### Task to carry out:
From the material below, set down exactly the lines that run from the one containing "音楽の授業で習った姿勢や息継" to the one containing "Ključni sastojak ovog", minus the pictures.

### Records supplied:
[Start of section]

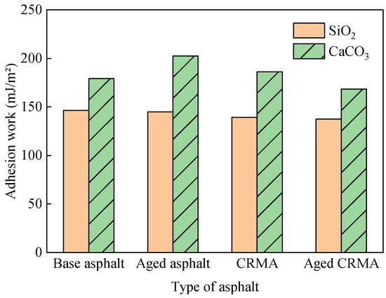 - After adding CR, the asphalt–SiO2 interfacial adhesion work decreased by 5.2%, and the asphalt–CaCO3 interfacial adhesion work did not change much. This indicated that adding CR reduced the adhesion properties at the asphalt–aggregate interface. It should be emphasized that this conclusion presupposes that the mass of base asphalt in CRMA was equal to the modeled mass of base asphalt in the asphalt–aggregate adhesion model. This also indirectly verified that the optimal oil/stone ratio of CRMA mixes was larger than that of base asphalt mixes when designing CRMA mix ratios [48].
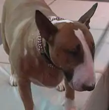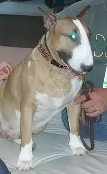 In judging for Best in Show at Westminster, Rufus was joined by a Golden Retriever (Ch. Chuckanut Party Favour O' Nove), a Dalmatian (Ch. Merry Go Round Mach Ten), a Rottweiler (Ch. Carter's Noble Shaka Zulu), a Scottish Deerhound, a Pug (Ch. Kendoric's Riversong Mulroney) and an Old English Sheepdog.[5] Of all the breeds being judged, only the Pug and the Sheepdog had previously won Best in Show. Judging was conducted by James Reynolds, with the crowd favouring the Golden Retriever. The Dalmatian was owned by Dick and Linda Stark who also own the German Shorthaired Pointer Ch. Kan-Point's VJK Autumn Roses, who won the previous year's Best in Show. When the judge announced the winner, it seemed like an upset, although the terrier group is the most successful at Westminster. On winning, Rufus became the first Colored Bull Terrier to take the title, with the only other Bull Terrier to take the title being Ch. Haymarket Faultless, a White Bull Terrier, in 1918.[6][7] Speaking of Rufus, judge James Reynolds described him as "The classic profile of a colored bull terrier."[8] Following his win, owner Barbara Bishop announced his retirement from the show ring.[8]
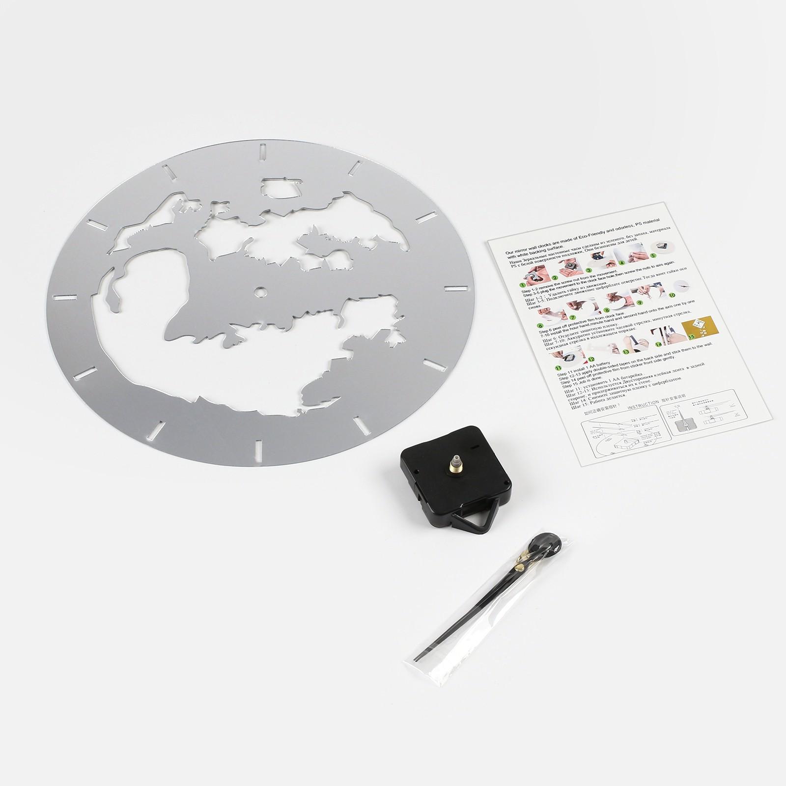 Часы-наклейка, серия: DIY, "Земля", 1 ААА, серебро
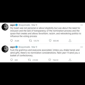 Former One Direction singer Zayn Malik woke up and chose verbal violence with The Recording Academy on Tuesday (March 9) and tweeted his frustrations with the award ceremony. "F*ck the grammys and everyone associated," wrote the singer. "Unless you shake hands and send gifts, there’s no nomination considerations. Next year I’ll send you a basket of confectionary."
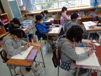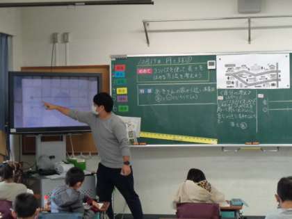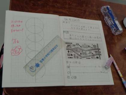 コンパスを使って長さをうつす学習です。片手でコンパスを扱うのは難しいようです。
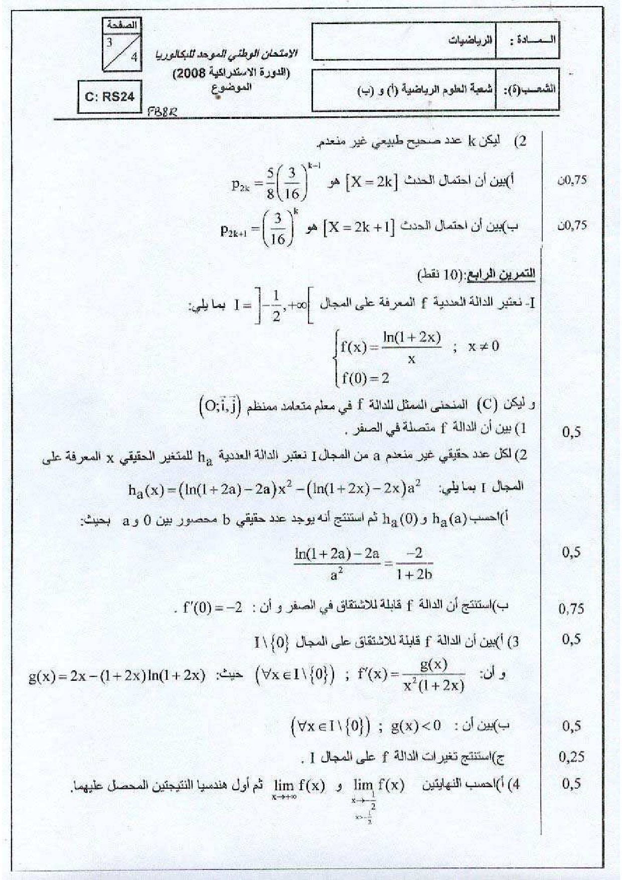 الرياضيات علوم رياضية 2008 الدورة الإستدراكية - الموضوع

[End of section]
[Start of section]

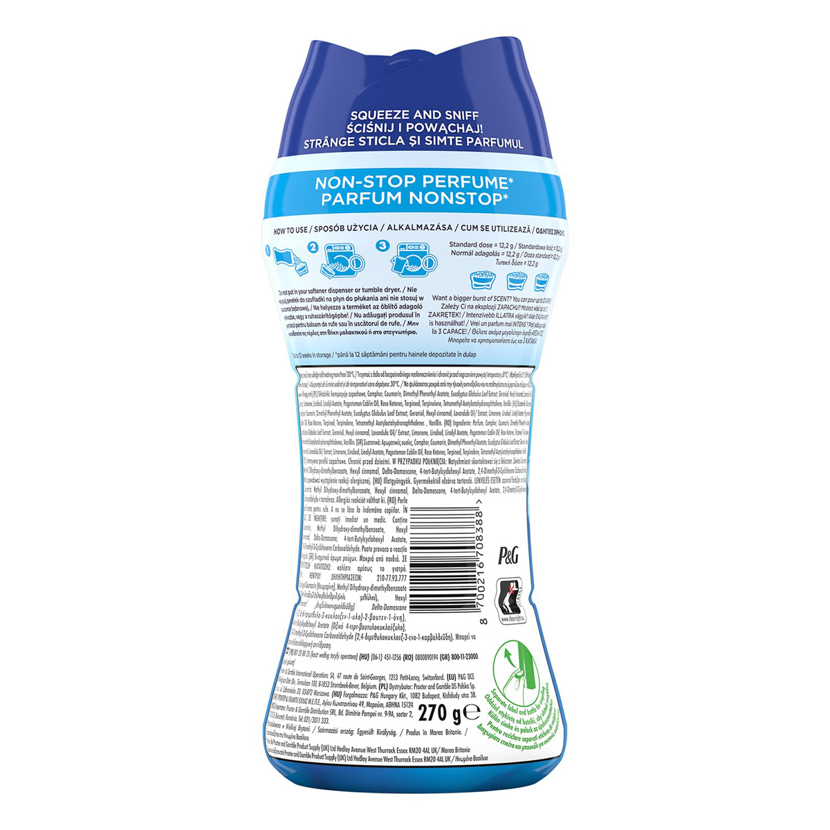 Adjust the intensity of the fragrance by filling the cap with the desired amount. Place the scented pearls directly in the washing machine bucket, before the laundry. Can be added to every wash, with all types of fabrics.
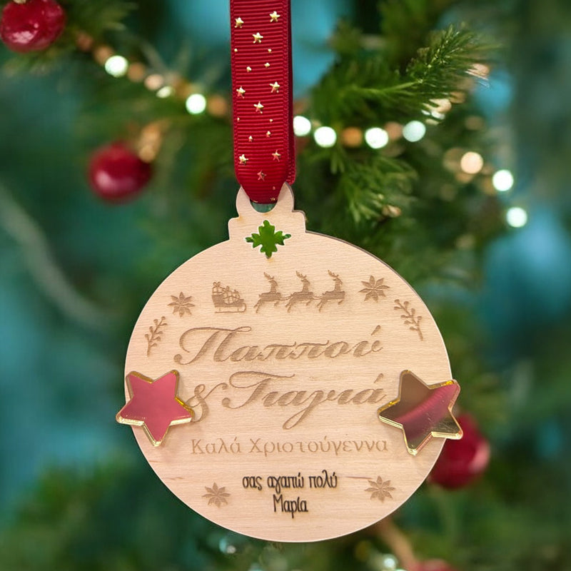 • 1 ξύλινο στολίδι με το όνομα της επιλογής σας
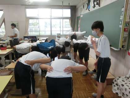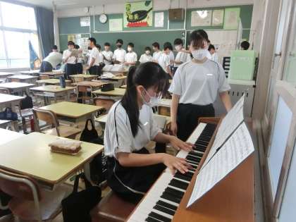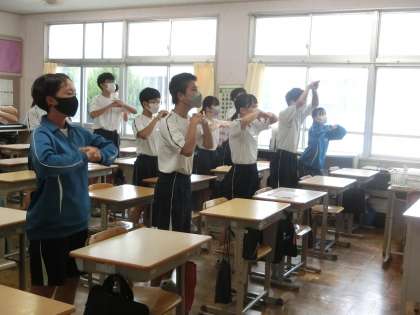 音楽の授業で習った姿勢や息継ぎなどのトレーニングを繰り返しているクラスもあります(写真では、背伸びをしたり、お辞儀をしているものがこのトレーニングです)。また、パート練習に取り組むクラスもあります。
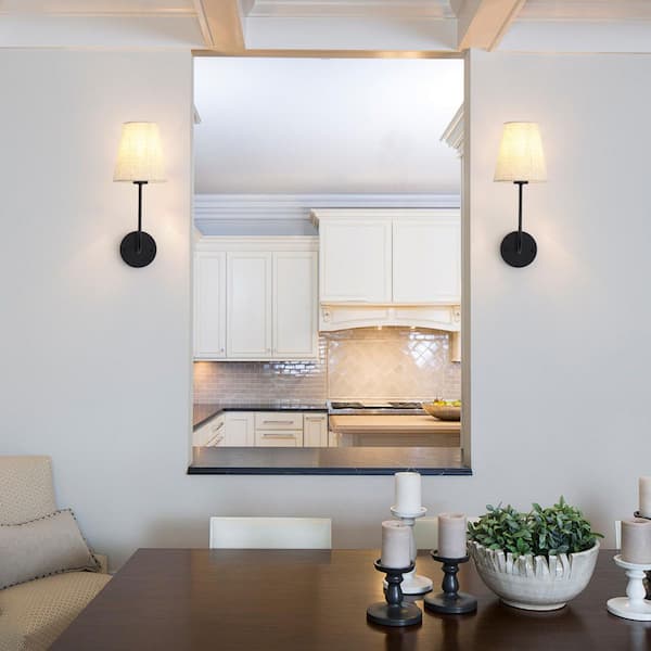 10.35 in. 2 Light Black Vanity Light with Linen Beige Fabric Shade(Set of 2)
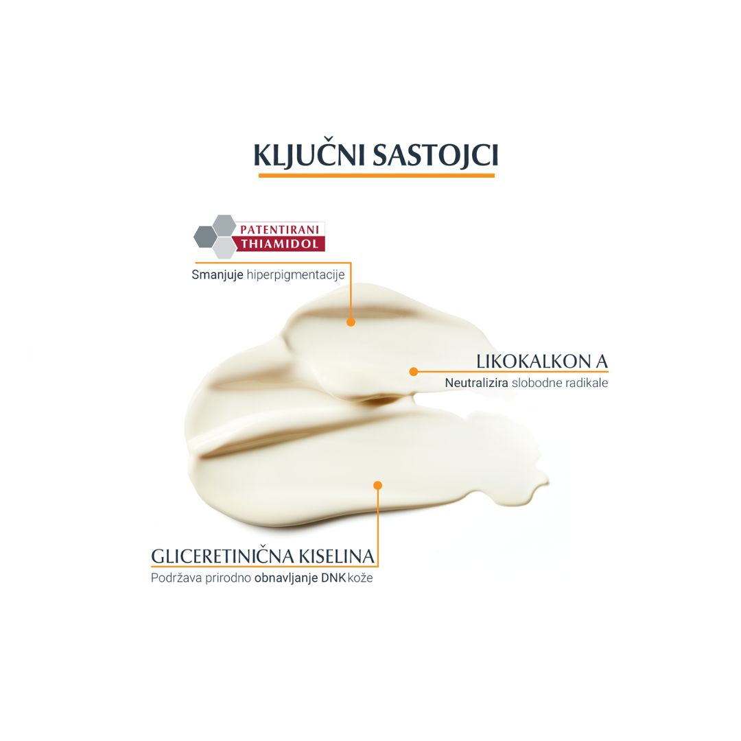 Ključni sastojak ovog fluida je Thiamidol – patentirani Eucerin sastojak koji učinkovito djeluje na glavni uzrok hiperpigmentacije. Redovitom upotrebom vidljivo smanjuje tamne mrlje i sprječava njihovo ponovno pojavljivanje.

[End of section]
[Start of section]

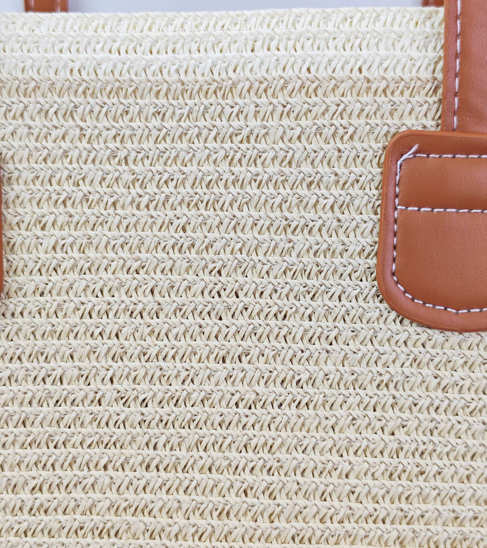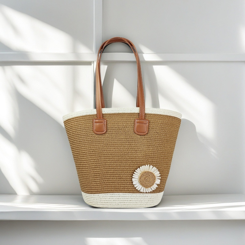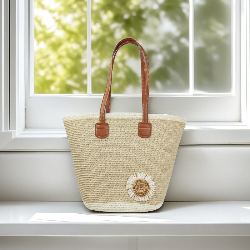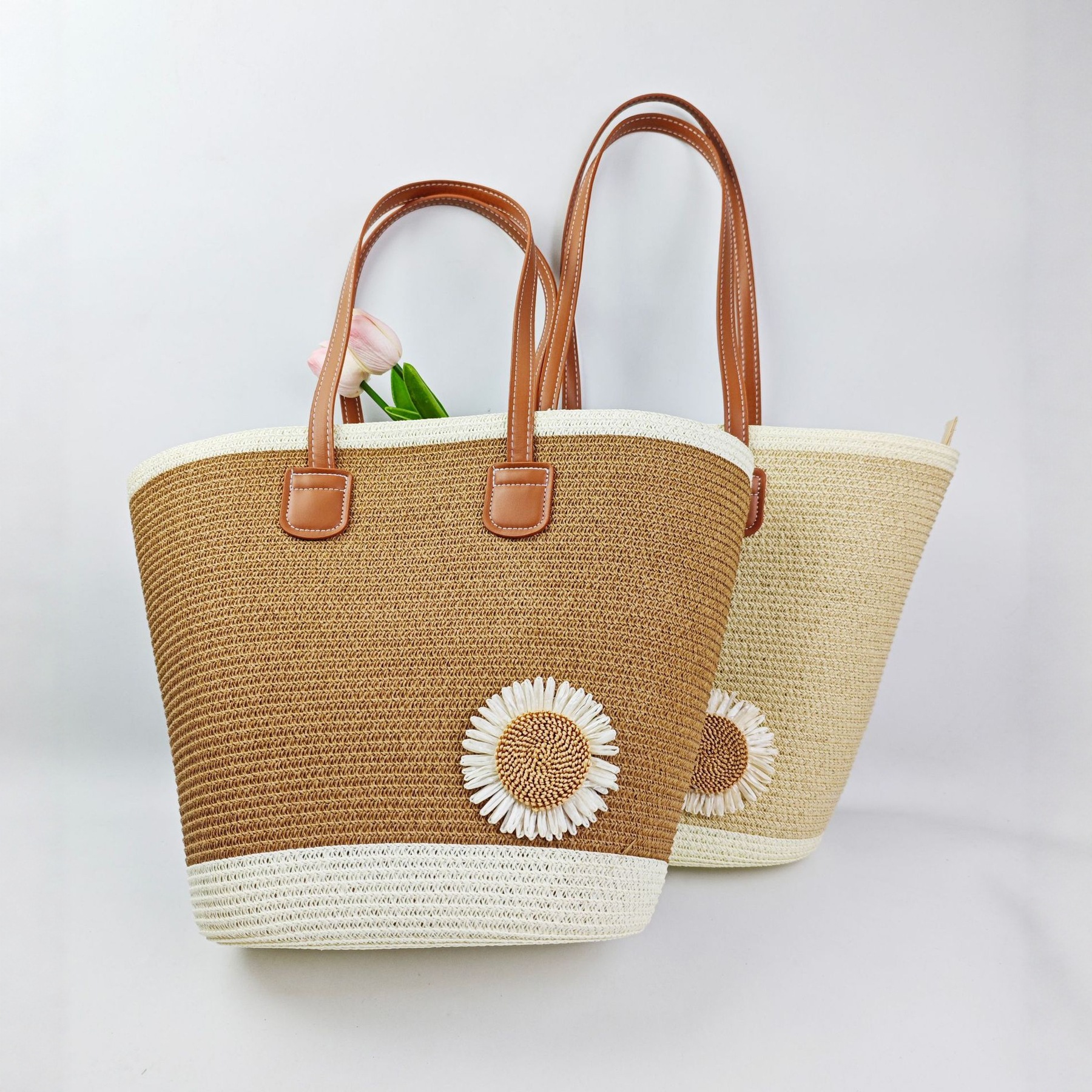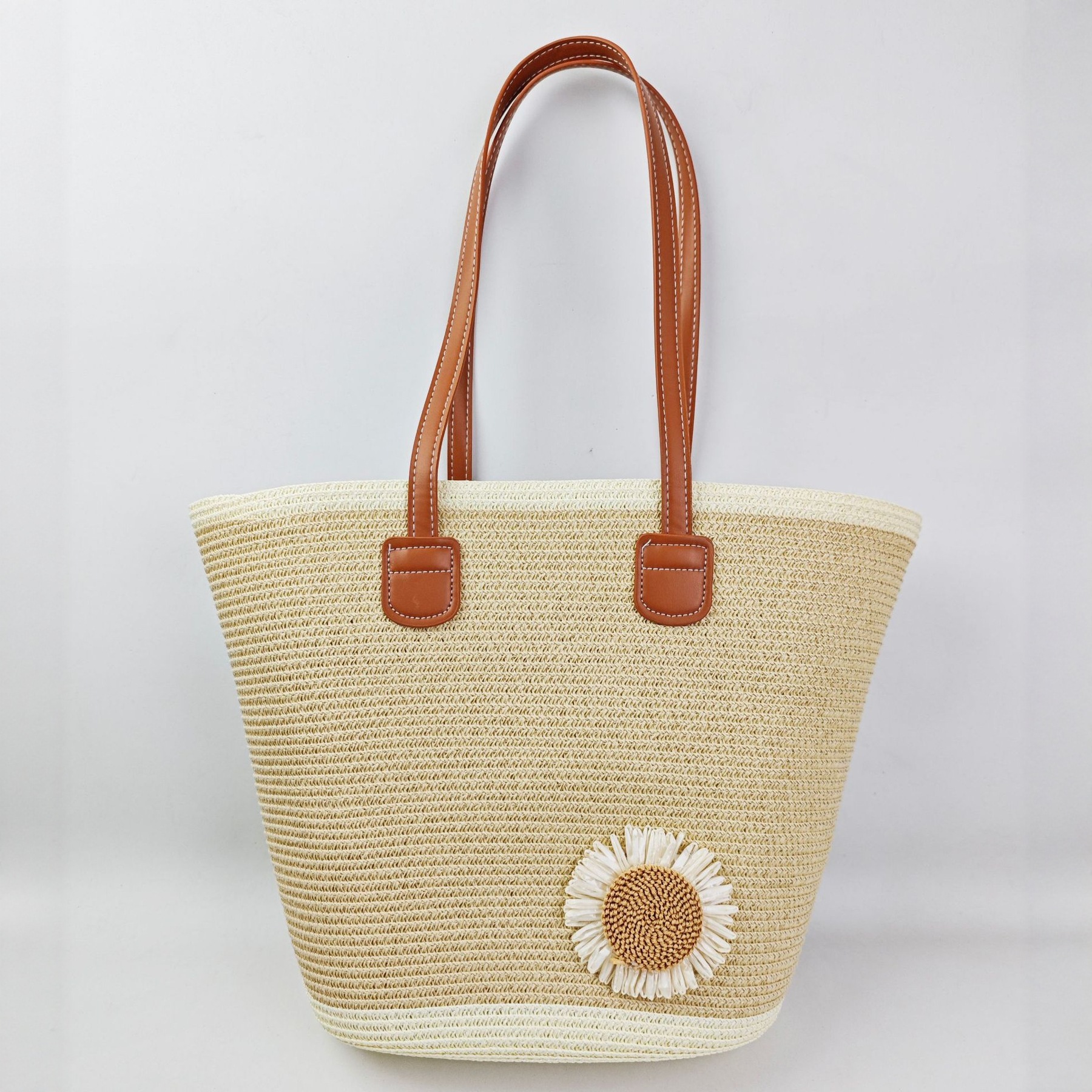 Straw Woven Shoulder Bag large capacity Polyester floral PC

[End of section]

### Result of the exercise:
 音楽の授業で習った姿勢や息継ぎなどのトレーニングを繰り返しているクラスもあります(写真では、背伸びをしたり、お辞儀をしているものがこのトレーニングです)。また、パート練習に取り組むクラスもあります。
 10.35 in. 2 Light Black Vanity Light with Linen Beige Fabric Shade(Set of 2)
 Ključni sastojak ovog fluida je Thiamidol – patentirani Eucerin sastojak koji učinkovito djeluje na glavni uzrok hiperpigmentacije. Redovitom upotrebom vidljivo smanjuje tamne mrlje i sprječava njihovo ponovno pojavljivanje.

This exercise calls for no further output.